Educators and families in Ontario are scrambling after the province’s 11th-hour decision to shut schools to in-person learning and move students online for two weeks, as COVID-19 cases continue to surge.
The sudden pivot, which starts Wednesday when classes resume after the winter break, has frustrated many and amplified calls for the province to do more to ensure schools reopen safely.
“We had hoped that we would get to Jan. 5 and that we would be able to keep schools open for kids. Clearly, it is not safe to do so and it’s not prudent to do so right now,” said Cathy Abraham, president of the Ontario Public School Boards’ Association.

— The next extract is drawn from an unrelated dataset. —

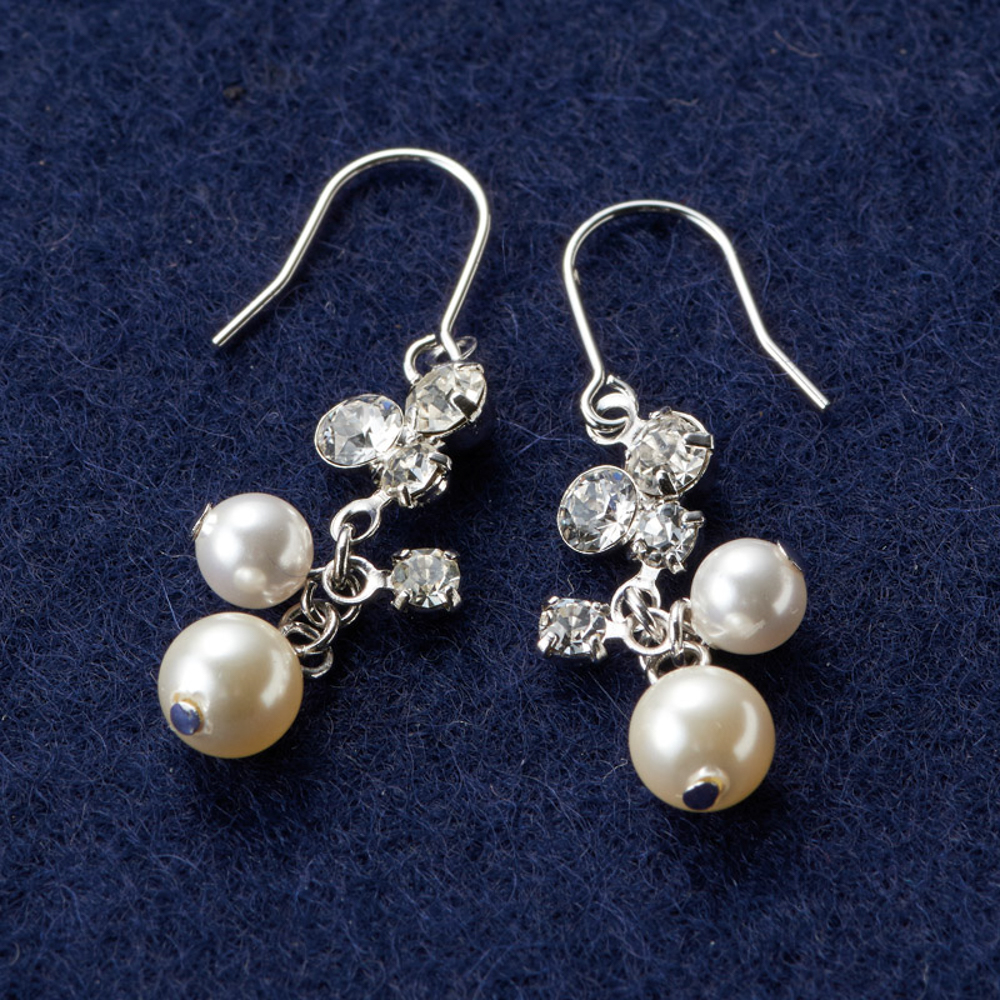 約2×0.6cm・真鍮(シルバーカラーメッキ)、クリスタルガラス、プラスチックパール(径約4・5mm)

However, “We’ve got two weeks to do something,” she said. “We are hoping the government will take those two weeks and not spare a penny” — as Premier Doug Ford promised when speaking from Queen’s Park on Monday — and get N95 masks into schools, include teachers in the now-limited PCR testing regulations and add the COVID vaccine to the list of mandatory shots for students.
The government’s announcement was surprising, particularly since last Thursday Dr. Kieran Moore, the chief medical officer of health, assured Ontarians schools would reopen for in-person learning on Wednesday. But Monday, Ford reversed course, ordering schools to switch to virtual learning until at least Jan. 17.
The move has already prompted one parent-led group Ontario Families Coalition, which has been fighting to keep schools open, to set up a Go Fund Me page to raise money for legal action.
Hamilton mother Jennifer Abbatiello says remote learning does not work for her boys — a nine-year-old son with autism, and a seven-year-old — so she will be pulling them out of virtual class.
“I’m not doing remote with them because that has an impact on their mental health,” said Abbatiello, who says schools “should be deemed essential.”
Abbatiello quit her job during the first lockdown to help her boys with schooling. She recently started working again from home, but “will have to stop given these closures and no extended family to help or other child care means, especially not under such short notice.”
Erin Pieper and her husband are front-line health care workers in hospitals and are now “scrambling” without any child care lined up for their kids, aged 5 and 7. She reached out to the emergency child care in Toronto they previously used, but won’t know until Tuesday if there are spots.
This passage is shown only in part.